***** DATA FOR THIS TASK

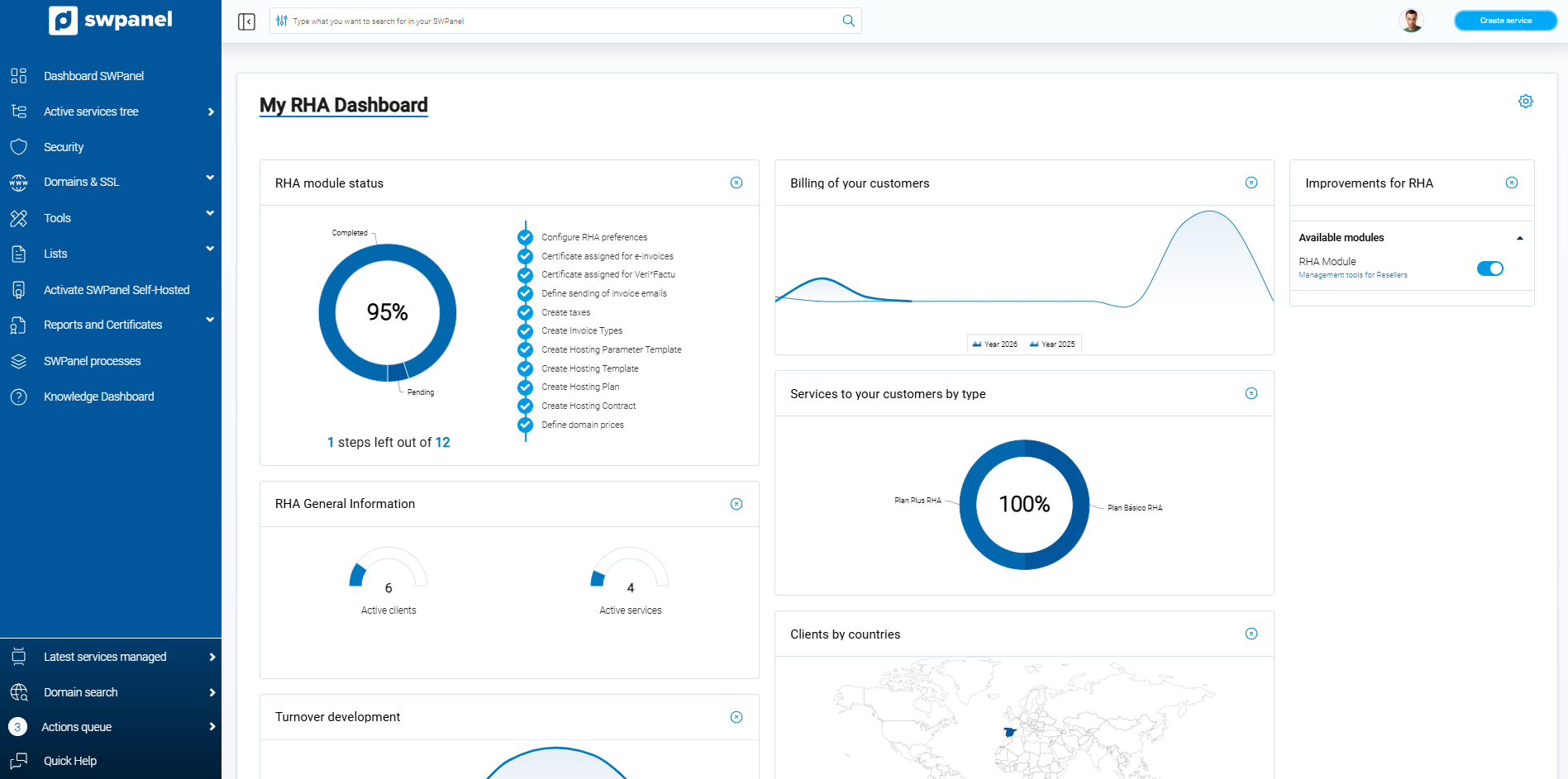 SWPanel's RHA module is a comprehensive solution designed specifically to automate all the administrative and financial processes of your digital hosting and domain sales business, combining simplicity and power in one place.
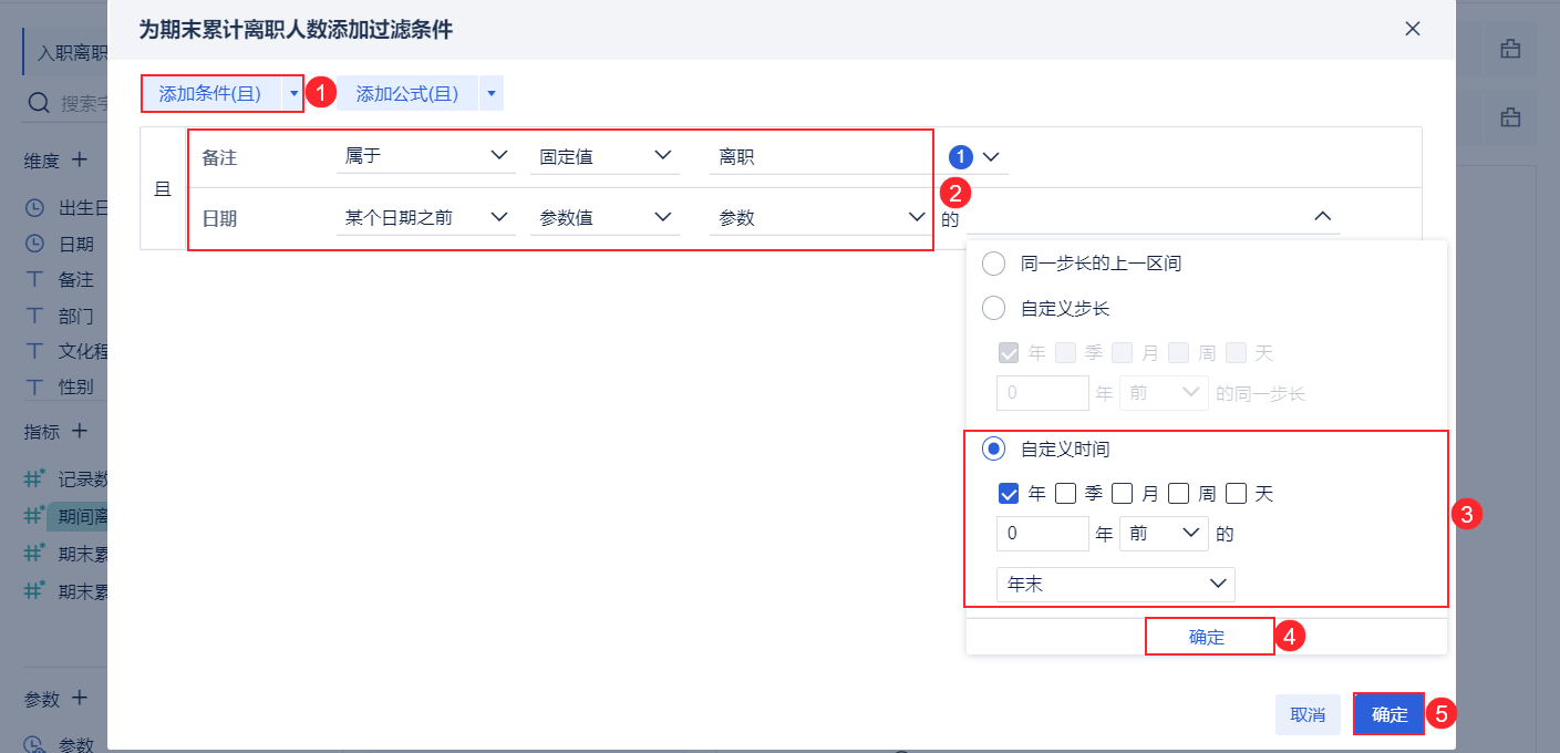 复制「记录数」,将其重命名为「期间离职人数」。对其进行明细过滤,筛选出「备注为离职」且「日期属于过滤组件全年」的数据,如下图所示:
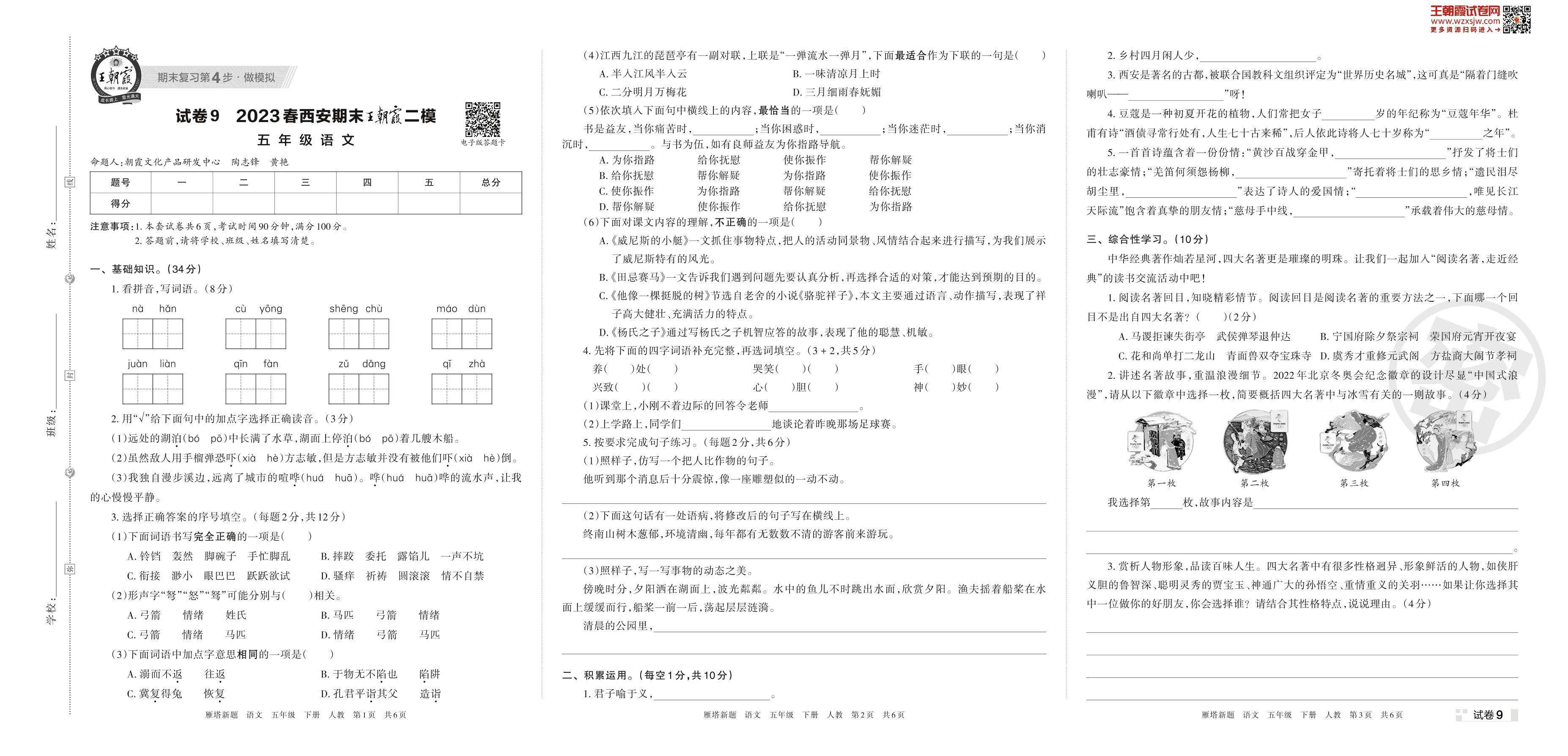 王朝霞期末模拟卷五年级下册语文(人教版)_R230425144559599【9】
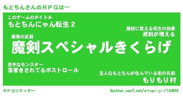 | 男性向けラノベタイトル風あだ名 | 『もとちんの憂鬱』 |
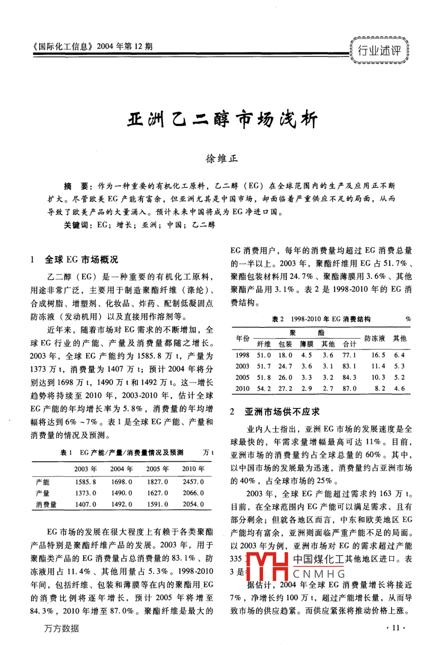 《國際化工信息》2004年第12期行業(yè)述評正洲乙二醇市場洩析徐維正摘要:作為一種重要的有機化工原料,乙二醇(EG)在全球范圍內(nèi)的生產(chǎn)及應用正不斷擴大。盡管歐美EG產(chǎn)能有富余,但亞洲尤其是中國市場,卻面臨著嚴重供應不足的局面,從而導致了歐美產(chǎn)品的大量涌入。預計未來中國將成為EG凈進口國。關(guān)鍵詞:EG;增長;亞洲;中國;乙二醇EG消費用戶,每年的消費量均超過EG消費總量1全球EG市場概況的一半以上。2003年,聚酯纖維用EG占51.7%、乙二醇(EG)是一種重要的有機化工原料,聚酯包裝材料用24.7%、聚酯薄膜用3.6%、其他用途非常廣泛,主要用于制造聚酯纖維(滌綸)、聚酯產(chǎn)品用3.1%。表2是1998-2010年的EG消合成樹脂、增塑劑、化妝品、炸藥、配制低凝固點費結(jié)構(gòu)。防凍液(發(fā)動機用)以及直接用作溶劑等。表219982010年EG消費結(jié)構(gòu)近年來,隨著市場對EG需求的不斷增加,全聚酯球EG行業(yè)的產(chǎn)能、產(chǎn)量及消費量都隨之增長。年份纖維包裝簿膜其他合計防凍液其他2003年,全球EG產(chǎn)能約為1585.8萬t,產(chǎn)量為199851.018.04.53.677.116.56.41373萬t,消費量為1407萬t;預計2004年將分200351.724.73.63.183.111.45.3別達到1698萬t,1490萬t和1492萬t。這一增長200551.82603.33.284310.35.2201054.227.22.92.787.08.24.6趨勢將持續(xù)至2010年,2003-2010年,估計全球EG產(chǎn)能的年均增長率為58%,消費量的年均增2亞洲市場供不應求幅將達到6%~7%。表1是全球EG產(chǎn)能、產(chǎn)量和消費量的情況及預測。業(yè)內(nèi)人士指出,亞洲EG市場的發(fā)展速度是全球最快的,年需求量增幅最高可達11%。目前,表1EG產(chǎn)能/產(chǎn)量/消費量情況及預測萬:亞洲市場的消費量約占全球總量的60%。其中,2003年2004年2005年2010年以中國市場的發(fā)展最為迅速,消費量約占亞洲市場產(chǎn)能1585.81698.01827.02457.0的40%,占全球市場的25%。產(chǎn)量1373.01490.01627.02066.02003年,全球EG產(chǎn)能超過需求約163萬t消費量1407.01492.01594.02054.0目前,在全球范圍內(nèi)EG產(chǎn)能可以滿足需求,且有部分剩余;但就各地區(qū)而言,中東和歐美地區(qū)EGEG市場的發(fā)展在很大程度上有賴于各類聚酯產(chǎn)能均有富余,亞洲則面臨嚴重產(chǎn)能不足的局面。產(chǎn)品特別是聚酯纖維產(chǎn)品的發(fā)展。2003年,用于以2003年為例,亞洲市場對EG的需求超過產(chǎn)能聚酯類產(chǎn)品的EG消費量占總消費量的83.1%、防35中國煤化工其他地區(qū)進口。表凍液用占11.4%、其他用量占5.3%。199820103是CNMHG年間,包括纖維、包裝和薄膜等在內(nèi)的聚酯用EC據(jù)估計,204年全球EG消費量增長將接近的消費比例將逐年增長,預計2005年將增至7%,凈增長約100萬t,超過產(chǎn)能增長量,從而導84.3%,2010年增至87.0%。聚酯纖維是最大的致市場的供應趨緊。而供應緊張將推動價格上漲。11行業(yè)述評《國際化工信息》2004年12月表3各地區(qū)EG供需情況2001產(chǎn)能需求產(chǎn)能產(chǎn)能445.0722.6801.2509,4中東285.0285.039.6285.0275.1南美41.327.541.3歐洲232.5184.023190合計1566.81247.91587.61344.91585.81422.1年來,亞洲EG現(xiàn)貨價格上漲已超過50%,要包括:中國聚酯對EG的需求增長遠超過產(chǎn)能增達到880~900美元/t(CFR中國,下同),預計今長,1997年以來,中國EC產(chǎn)能的年均增長率為年底或明年初仍將維持這一高位9%,同期聚酯纖維和瓶級聚酯樹脂的需求年均增長率高達25%;購買商看到乙烯漲價,因此在EG3歐美產(chǎn)品涌入生產(chǎn)商乘機抬價漲價前搶購EG;能源、原料漲價,使乙烯價格攀業(yè)內(nèi)人士指出,近年來歐美日韓等發(fā)達國家EG升、供應吃緊;國外大型EG裝置(如陶氏位于墨產(chǎn)能過剩,而亞洲發(fā)展中國家特別是中國的供應卻西哥灣和加拿大普倫蒂斯的兩套裝置)停產(chǎn)等。嚴重短缺。就全球而言,EG供需仍存在很大缺口。市場分析人士特別指出,EG供應緊張促使價到2010年,亞洲EG消費量將占世界消費總格上揚很大程度上是受中國需求拉動的影響。中國量的一半,其中中國消費量將占世界EG消費總量聚酯裝置的開工率一直很高,因此估計庫存即將耗的25%,占亞洲的40%。2003年,中國聚酯對盡,中國買主將再次返回國際市場進行采購EG需求量的估計值為300萬t,未來還將以年均20%的速度繼續(xù)增長;加上其他方面的需求量,估4新增擴建裝置緩解供應壓力計2003年中國對EG的總需求量將達到350萬t面對亞洲及中國這一迅速擴大的市場,各大公因此未來幾年,中國將成為國外EG廠商競相爭奪司均加緊新建和擴建EG產(chǎn)能,不少新的EG裝置的目標市場。特別是今年1月1日,中國將EG進正在建設或待建中。特別是中東等低成本生產(chǎn)地區(qū)口稅從7%下調(diào)至5.5%之后,更是吸引了眾多歐正大力發(fā)展EG生產(chǎn),預計將在未來幾年大幅增加美EG生產(chǎn)和銷售商積極投身中國市場,以期在市對中國的EG供應量。事實上,近年來沙特對中國場快速增長的大好形勢下分得一杯糞。EG市場的占有率正迅速增長。2005年前沒有新的EG產(chǎn)能投產(chǎn),2004年將今后幾年,國內(nèi)外將有一批新建EG項目投是EG市場非常紅火的一年。目前,亞洲市場對產(chǎn)。據(jù)不完全統(tǒng)計,在此期間至少有526萬t/a新EG的需求非常強勁,加上各裝置維持正常運轉(zhuǎn),產(chǎn)能投產(chǎn)。表4為全球主要新增/擴建的EG項目。生產(chǎn)商競相增加對亞洲的出口,
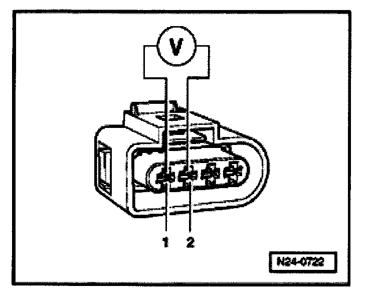 - Use adapter cables from VAG1594 to connect multimeter to terminals 1 +2 (ECM connector) for voltage measurement.

**********

* [HOW TO COMPLETE THIS TASK]: Your copy should match the entries exactly, minus the pictures.

* [WRITTEN SOLUTION]:
 SWPanel's RHA module is a comprehensive solution designed specifically to automate all the administrative and financial processes of your digital hosting and domain sales business, combining simplicity and power in one place.
 复制「记录数」,将其重命名为「期间离职人数」。对其进行明细过滤,筛选出「备注为离职」且「日期属于过滤组件全年」的数据,如下图所示:
 王朝霞期末模拟卷五年级下册语文(人教版)_R230425144559599【9】
 | 男性向けラノベタイトル風あだ名 | 『もとちんの憂鬱』 |
 《國際化工信息》2004年第12期行業(yè)述評正洲乙二醇市場洩析徐維正摘要:作為一種重要的有機化工原料,乙二醇(EG)在全球范圍內(nèi)的生產(chǎn)及應用正不斷擴大。盡管歐美EG產(chǎn)能有富余,但亞洲尤其是中國市場,卻面臨著嚴重供應不足的局面,從而導致了歐美產(chǎn)品的大量涌入。預計未來中國將成為EG凈進口國。關(guān)鍵詞:EG;增長;亞洲;中國;乙二醇EG消費用戶,每年的消費量均超過EG消費總量1全球EG市場概況的一半以上。2003年,聚酯纖維用EG占51.7%、乙二醇(EG)是一種重要的有機化工原料,聚酯包裝材料用24.7%、聚酯薄膜用3.6%、其他用途非常廣泛,主要用于制造聚酯纖維(滌綸)、聚酯產(chǎn)品用3.1%。表2是1998-2010年的EG消合成樹脂、增塑劑、化妝品、炸藥、配制低凝固點費結(jié)構(gòu)。防凍液(發(fā)動機用)以及直接用作溶劑等。表219982010年EG消費結(jié)構(gòu)近年來,隨著市場對EG需求的不斷增加,全聚酯球EG行業(yè)的產(chǎn)能、產(chǎn)量及消費量都隨之增長。年份纖維包裝簿膜其他合計防凍液其他2003年,全球EG產(chǎn)能約為1585.8萬t,產(chǎn)量為199851.018.04.53.677.116.56.41373萬t,消費量為1407萬t;預計2004年將分200351.724.73.63.183.111.45.3別達到1698萬t,1490萬t和1492萬t。這一增長200551.82603.33.284310.35.2201054.227.22.92.787.08.24.6趨勢將持續(xù)至2010年,2003-2010年,估計全球EG產(chǎn)能的年均增長率為58%,消費量的年均增2亞洲市場供不應求幅將達到6%~7%。表1是全球EG產(chǎn)能、產(chǎn)量和消費量的情況及預測。業(yè)內(nèi)人士指出,亞洲EG市場的發(fā)展速度是全球最快的,年需求量增幅最高可達11%。目前,表1EG產(chǎn)能/產(chǎn)量/消費量情況及預測萬:亞洲市場的消費量約占全球總量的60%。其中,2003年2004年2005年2010年以中國市場的發(fā)展最為迅速,消費量約占亞洲市場產(chǎn)能1585.81698.01827.02457.0的40%,占全球市場的25%。產(chǎn)量1373.01490.01627.02066.02003年,全球EG產(chǎn)能超過需求約163萬t消費量1407.01492.01594.02054.0目前,在全球范圍內(nèi)EG產(chǎn)能可以滿足需求,且有部分剩余;但就各地區(qū)而言,中東和歐美地區(qū)EGEG市場的發(fā)展在很大程度上有賴于各類聚酯產(chǎn)能均有富余,亞洲則面臨嚴重產(chǎn)能不足的局面。產(chǎn)品特別是聚酯纖維產(chǎn)品的發(fā)展。2003年,用于以2003年為例,亞洲市場對EG的需求超過產(chǎn)能聚酯類產(chǎn)品的EG消費量占總消費量的83.1%、防35中國煤化工其他地區(qū)進口。表凍液用占11.4%、其他用量占5.3%。199820103是CNMHG年間,包括纖維、包裝和薄膜等在內(nèi)的聚酯用EC據(jù)估計,204年全球EG消費量增長將接近的消費比例將逐年增長,預計2005年將增至7%,凈增長約100萬t,超過產(chǎn)能增長量,從而導84.3%,2010年增至87.0%。聚酯纖維是最大的致市場的供應趨緊。而供應緊張將推動價格上漲。11行業(yè)述評《國際化工信息》2004年12月表3各地區(qū)EG供需情況2001產(chǎn)能需求產(chǎn)能產(chǎn)能445.0722.6801.2509,4中東285.0285.039.6285.0275.1南美41.327.541.3歐洲232.5184.023190合計1566.81247.91587.61344.91585.81422.1年來,亞洲EG現(xiàn)貨價格上漲已超過50%,要包括:中國聚酯對EG的需求增長遠超過產(chǎn)能增達到880~900美元/t(CFR中國,下同),預計今長,1997年以來,中國EC產(chǎn)能的年均增長率為年底或明年初仍將維持這一高位9%,同期聚酯纖維和瓶級聚酯樹脂的需求年均增長率高達25%;購買商看到乙烯漲價,因此在EG3歐美產(chǎn)品涌入生產(chǎn)商乘機抬價漲價前搶購EG;能源、原料漲價,使乙烯價格攀業(yè)內(nèi)人士指出,近年來歐美日韓等發(fā)達國家EG升、供應吃緊;國外大型EG裝置(如陶氏位于墨產(chǎn)能過剩,而亞洲發(fā)展中國家特別是中國的供應卻西哥灣和加拿大普倫蒂斯的兩套裝置)停產(chǎn)等。嚴重短缺。就全球而言,EG供需仍存在很大缺口。市場分析人士特別指出,EG供應緊張促使價到2010年,亞洲EG消費量將占世界消費總格上揚很大程度上是受中國需求拉動的影響。中國量的一半,其中中國消費量將占世界EG消費總量聚酯裝置的開工率一直很高,因此估計庫存即將耗的25%,占亞洲的40%。2003年,中國聚酯對盡,中國買主將再次返回國際市場進行采購EG需求量的估計值為300萬t,未來還將以年均20%的速度繼續(xù)增長;加上其他方面的需求量,估4新增擴建裝置緩解供應壓力計2003年中國對EG的總需求量將達到350萬t面對亞洲及中國這一迅速擴大的市場,各大公因此未來幾年,中國將成為國外EG廠商競相爭奪司均加緊新建和擴建EG產(chǎn)能,不少新的EG裝置的目標市場。特別是今年1月1日,中國將EG進正在建設或待建中。特別是中東等低成本生產(chǎn)地區(qū)口稅從7%下調(diào)至5.5%之后,更是吸引了眾多歐正大力發(fā)展EG生產(chǎn),預計將在未來幾年大幅增加美EG生產(chǎn)和銷售商積極投身中國市場,以期在市對中國的EG供應量。事實上,近年來沙特對中國場快速增長的大好形勢下分得一杯糞。EG市場的占有率正迅速增長。2005年前沒有新的EG產(chǎn)能投產(chǎn),2004年將今后幾年,國內(nèi)外將有一批新建EG項目投是EG市場非常紅火的一年。目前,亞洲市場對產(chǎn)。據(jù)不完全統(tǒng)計,在此期間至少有526萬t/a新EG的需求非常強勁,加上各裝置維持正常運轉(zhuǎn),產(chǎn)能投產(chǎn)。表4為全球主要新增/擴建的EG項目。生產(chǎn)商競相增加對亞洲的出口,
 - Use adapter cables from VAG1594 to connect multimeter to terminals 1 +2 (ECM connector) for voltage measurement.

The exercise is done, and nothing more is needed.